SECTION 12.4. SUBSTITUTE COLLATERAL.
Upon request from Grantor, and at Grantor’s expense, Trustees shall release from the lien of this Deed of Trust any one or more of the parcels constituting the Property, upon conveyance by Grantor and/or its affiliates of substitute collateral property (the “Substitute Collateral”) from time to time, but not more than one time for each parcel, and not more than four times during the duration the lien of this Deed of Trust, upon the following terms and subject to the following conditions:
(i) the quality of the Substitute Collateral shall be comparable to or greater than that of the parcel of Property for which the Substitute Collateral is replacing the current-to-be-released Property;
(ii) No Event of Default shall exist under this Deed of Trust or any other Loan Document;
(iii) The appraised value of the Substitute Collateral shall be equal to or greater than the greater of (A) the appraised value of current-to-be-released Property, as determined at the time of the closing of the substitution of collateral, or (B) the appraised value of the current-to-be released Property at the time of such substitution;
(iv) the Debt Service Coverage Ratio (as defined below) for the aggregate Property (inclusive of the Substitute Collateral) shall be greater than or equal to the actual Debt Service Coverage Ratio for the aggregate Property (inclusive of the current-to-be released Property), for the one year prior to the substitution, and Grantor shall execute and deliver appropriate amendments to this Deed of Trust and Loan Documents making the Substitute Collateral part of the security for the Guaranty, and Lender shall have received such title assurances and endorsements to its then-existing policies confirming the priority of its lien under this Deed of Trust on the Substitute Collateral, consenting to the release of the released Property, and otherwise confirming no adverse changes in title coverage or the amount thereof.

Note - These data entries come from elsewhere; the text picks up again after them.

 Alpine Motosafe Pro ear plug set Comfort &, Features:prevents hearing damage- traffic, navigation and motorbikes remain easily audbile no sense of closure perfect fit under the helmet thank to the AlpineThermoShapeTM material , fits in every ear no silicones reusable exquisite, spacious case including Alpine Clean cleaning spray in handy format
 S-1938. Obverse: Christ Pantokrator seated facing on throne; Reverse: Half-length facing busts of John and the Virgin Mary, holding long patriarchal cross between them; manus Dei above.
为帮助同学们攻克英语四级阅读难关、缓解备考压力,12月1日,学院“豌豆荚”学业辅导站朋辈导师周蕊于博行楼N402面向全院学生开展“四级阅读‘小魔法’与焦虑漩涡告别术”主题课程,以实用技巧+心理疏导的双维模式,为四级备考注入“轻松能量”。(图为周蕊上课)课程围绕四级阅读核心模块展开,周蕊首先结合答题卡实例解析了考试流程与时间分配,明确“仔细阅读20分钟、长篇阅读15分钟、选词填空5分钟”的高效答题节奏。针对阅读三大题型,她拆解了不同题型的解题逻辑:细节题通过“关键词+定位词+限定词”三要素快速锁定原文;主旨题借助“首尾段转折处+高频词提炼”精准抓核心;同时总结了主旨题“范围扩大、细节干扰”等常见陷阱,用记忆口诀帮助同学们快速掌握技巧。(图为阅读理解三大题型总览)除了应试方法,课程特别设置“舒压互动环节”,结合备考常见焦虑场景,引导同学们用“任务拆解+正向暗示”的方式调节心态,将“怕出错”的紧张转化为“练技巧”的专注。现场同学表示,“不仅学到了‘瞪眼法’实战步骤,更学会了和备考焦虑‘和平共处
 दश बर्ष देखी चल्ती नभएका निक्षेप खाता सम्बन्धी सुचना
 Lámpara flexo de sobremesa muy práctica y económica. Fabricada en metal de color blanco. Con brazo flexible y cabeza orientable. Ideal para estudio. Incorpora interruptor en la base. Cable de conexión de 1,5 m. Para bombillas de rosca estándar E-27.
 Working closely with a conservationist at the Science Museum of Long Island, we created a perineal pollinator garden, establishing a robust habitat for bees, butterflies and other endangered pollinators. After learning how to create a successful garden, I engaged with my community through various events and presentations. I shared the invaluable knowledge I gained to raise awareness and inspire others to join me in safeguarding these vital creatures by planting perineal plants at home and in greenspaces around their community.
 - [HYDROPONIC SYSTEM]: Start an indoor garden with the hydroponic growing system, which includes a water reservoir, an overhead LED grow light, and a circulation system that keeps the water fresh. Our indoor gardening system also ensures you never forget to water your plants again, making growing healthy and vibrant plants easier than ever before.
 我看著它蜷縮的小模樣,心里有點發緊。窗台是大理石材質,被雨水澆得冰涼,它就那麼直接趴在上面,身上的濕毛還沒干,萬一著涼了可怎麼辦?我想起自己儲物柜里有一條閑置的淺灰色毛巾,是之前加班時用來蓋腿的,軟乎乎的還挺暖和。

(v) the Substitute Collateral shall satisfy each of the covenants and conditions to closing set forth in the commitment letter with the Lender for the Loan guaranteed under the Guaranty, that would have been applicable had such Substitute Collateral been an original parcel of the Property;
(vi) the Substitute Collateral shall conform in all respects to such other underwriting standards and criteria of the Lender and criteria such as other appraisal, legal, business, environmental, engineering, diversification, leasing or title requirements, all as Lender may determine in its sole discretion.
As used herein, the following defined term shall apply:
“DEBT SERVICE COVERAGE RATIO” means the Net Operating Income of the Property divided by the amount of scheduled annual payments of Debt Service on the Loan guaranteed by the Guaranty.
“NET OPERATING INCOME” means the total gross rental income received in the most recent twelve month period, plus other income received during the most recent twelve month period, less actual operating expenses for the most recent twelve month period.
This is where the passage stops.